Problem to work on> From the entries below, reproduce exactly the lines from the one with "1932-44 1/- watermark" through the one with "Ответ:2 was getting", both included, without images.

===== Data =====

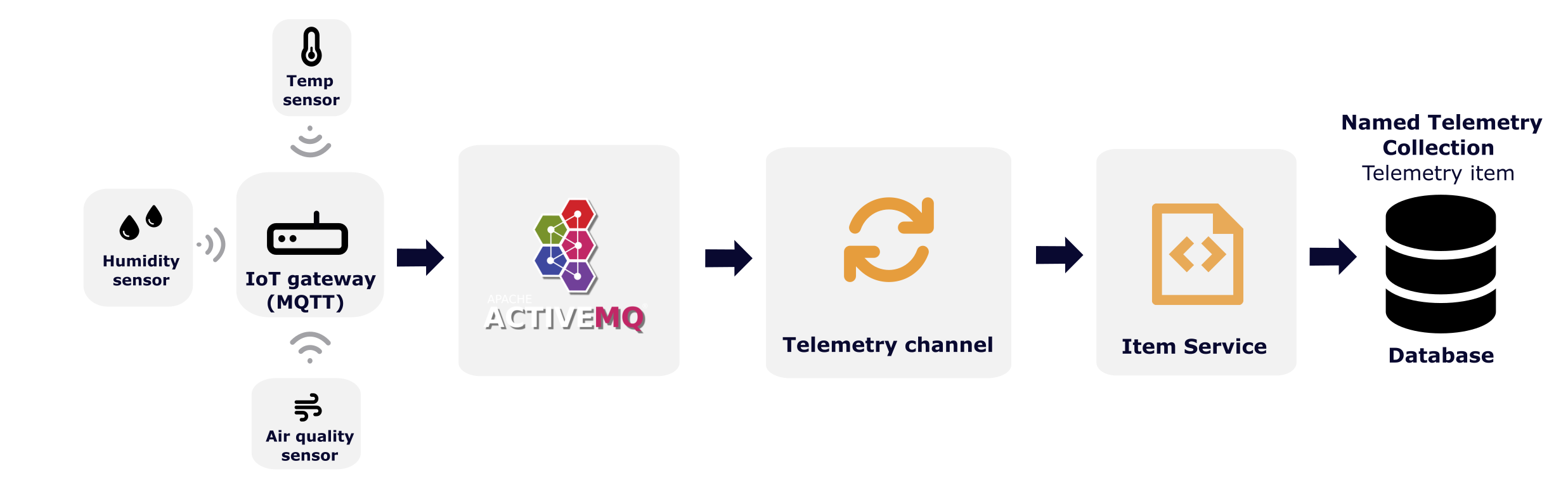 Internet of Things (IoT) integration collects data generated by IoT devices and stores that data in a database. The data is stored by the Item Service as a telemetry item in a Named Telemetry Collection.
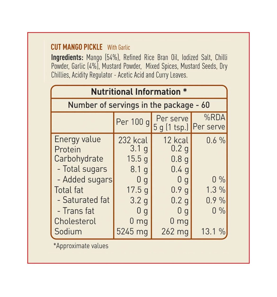 A traditional recipe, carefully sourced fruit and a perfect blend of spices, mustard and oil come together in ultimate harmony to make this pickle an evergreen accompaniment with breakfast, snacks, and meals. Available with and without garlic.
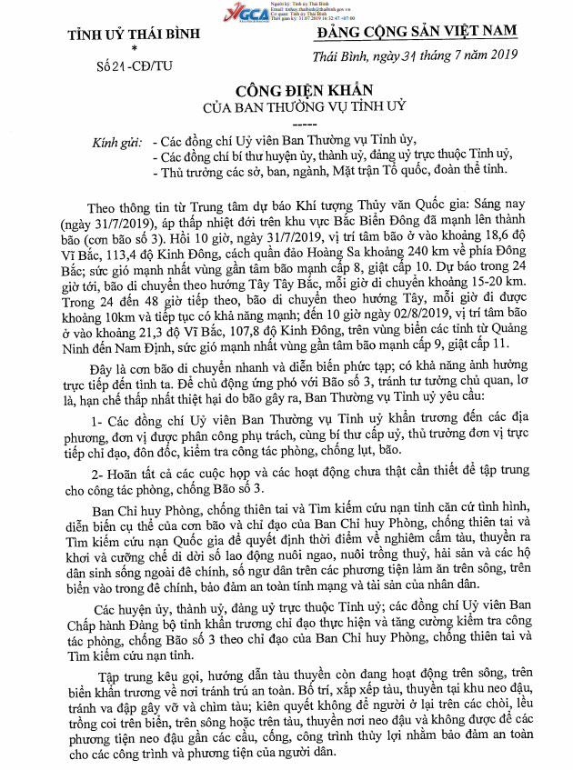 Ngày 31/7/2019, Ban Thường vụ Tỉnh ủy ra Công điện khẩn số 21-CĐ/TU.
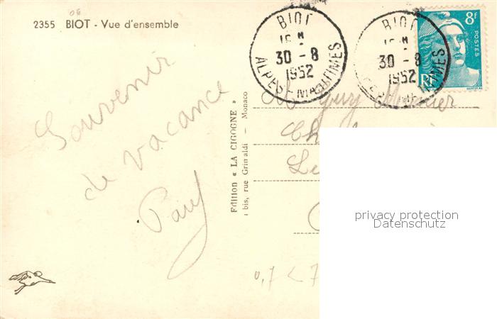 13538807 carte postale Biot Vue d ensemble postalisch gelaufen Erhaltung siehe scans [WerneD78] KatCode: 11170006106018
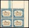 1932-44 1/- watermark inverted corner block of four, R1/5 twisted horn and blue doctor blade flaw (mostly on selvedge). Part o.g. (the variety pair unmounted), gum a little two-toned, a unusual combination. SG 48dw var
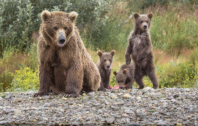 瓦塞林称能看到一只母熊和三只幼崽实属不易,更不要说拍摄到这样的场景了。因为一般情况下,母熊因为需要保存体力和保护幼崽,所以都会独吞猎物。
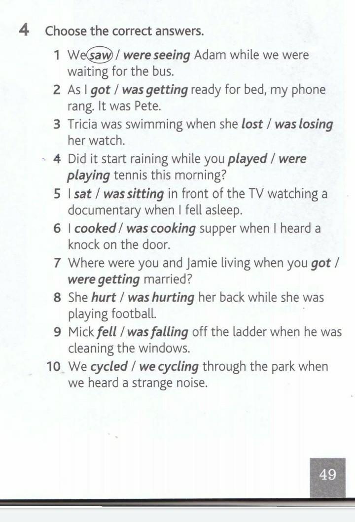 Ответ:2 was getting 3 lost 4 were playing 5 was sitting 6 was cooking 7 got 8 hurt 9 fell 10 were cycling
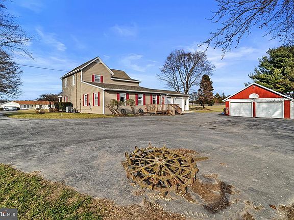 Such a Charming Home! This former Amish home has been updated and lovingly taken care of. 2 acres of land. Stunning views from the front porch. 3BR/2Ba with first floor primary bedroom and full bath. Extremely large family room, lots of closets, country kitchen with double ovens, dishwasher and tons of counter space and storage, and a large dining room for entertaining. Upstairs you will find 2 additional very large bedrooms, as well as a bonus room! Large full bath upstairs. Attached is an extra large 2 car garage. New gravity fed septic in 2015. Outbuildings painted 2 years ago. Large detached shed/garage with doors on each end and overhead storage & elec. Large red barn with elec & water, Run in shed with elec & water, Dog Kennel with elec & water. All outbuildings sold as is. Original home was built in 1940 (dirt floor basement). The large FR addition was added in 1982 with a traditional basement. Stairs are steep, please be careful. Both basements are sold as is. Heat Pump w/ AC in Main Home. DE Elec Coop! FR addition uses propane and window AC. Propane tank is owned. Located on the corner of Sharon Hill RD and W Denneys RD. Great location. Buyer to perform due diligence as to usage of land, room sizes and outbuilding sizes. PLEASE DO NOT TOUCH THE ANIMALS OR PUT YOUR FINGERS THROUGH THE FENCE.
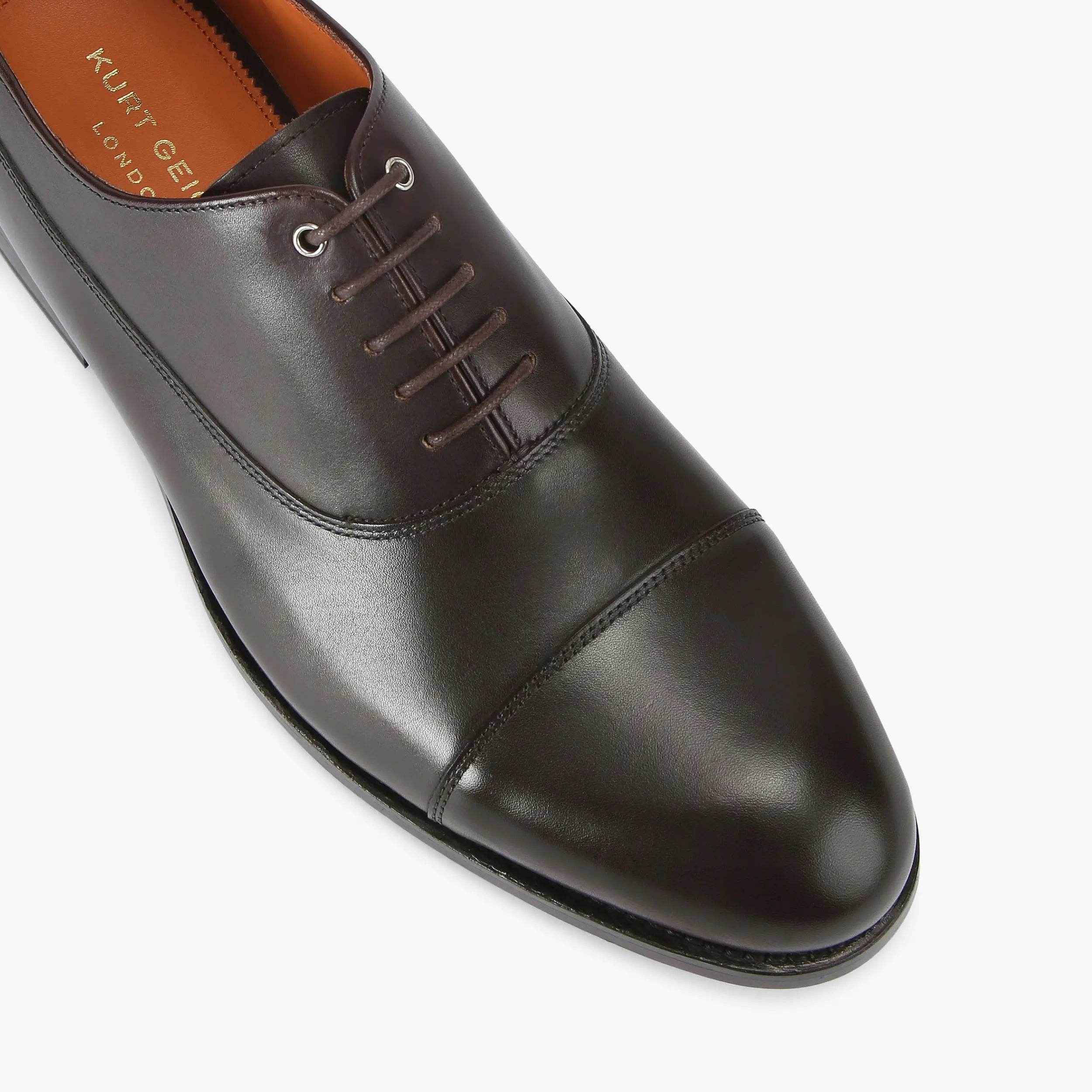 This Sloane Oxford shoe features a dark brown leather upper, leather lining and leather sole with Goodyear welted construction for supreme durability and comfort. Built on a custom designed KGL last for a classic formal look with a modern twist. These shoes can be re-soled to extend their lifespan even further.
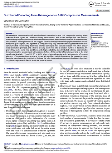 3. Canyi Chen and Liping Zhu. 2022. “Distributed Decoding From Heterogeneous 1-Bit Compressive Measurements.” Journal of Computational and Graphical Statistics 0 (ja): 1–25. .
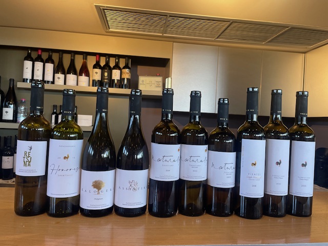 北向きで標高は0~900メートル。9割はギリシャ土着の品種を栽培しています。クレタ島原産のヴィディアノ種のワインも少量ですが生産されています。心地よい風に吹かれて11種類のワインをテースティング。ほどよく酔いが回り、思考能力はすっかりなくなってしまいました。

=====

Answer section>
 1932-44 1/- watermark inverted corner block of four, R1/5 twisted horn and blue doctor blade flaw (mostly on selvedge). Part o.g. (the variety pair unmounted), gum a little two-toned, a unusual combination. SG 48dw var
 瓦塞林称能看到一只母熊和三只幼崽实属不易,更不要说拍摄到这样的场景了。因为一般情况下,母熊因为需要保存体力和保护幼崽,所以都会独吞猎物。
 Ответ:2 was getting 3 lost 4 were playing 5 was sitting 6 was cooking 7 got 8 hurt 9 fell 10 were cycling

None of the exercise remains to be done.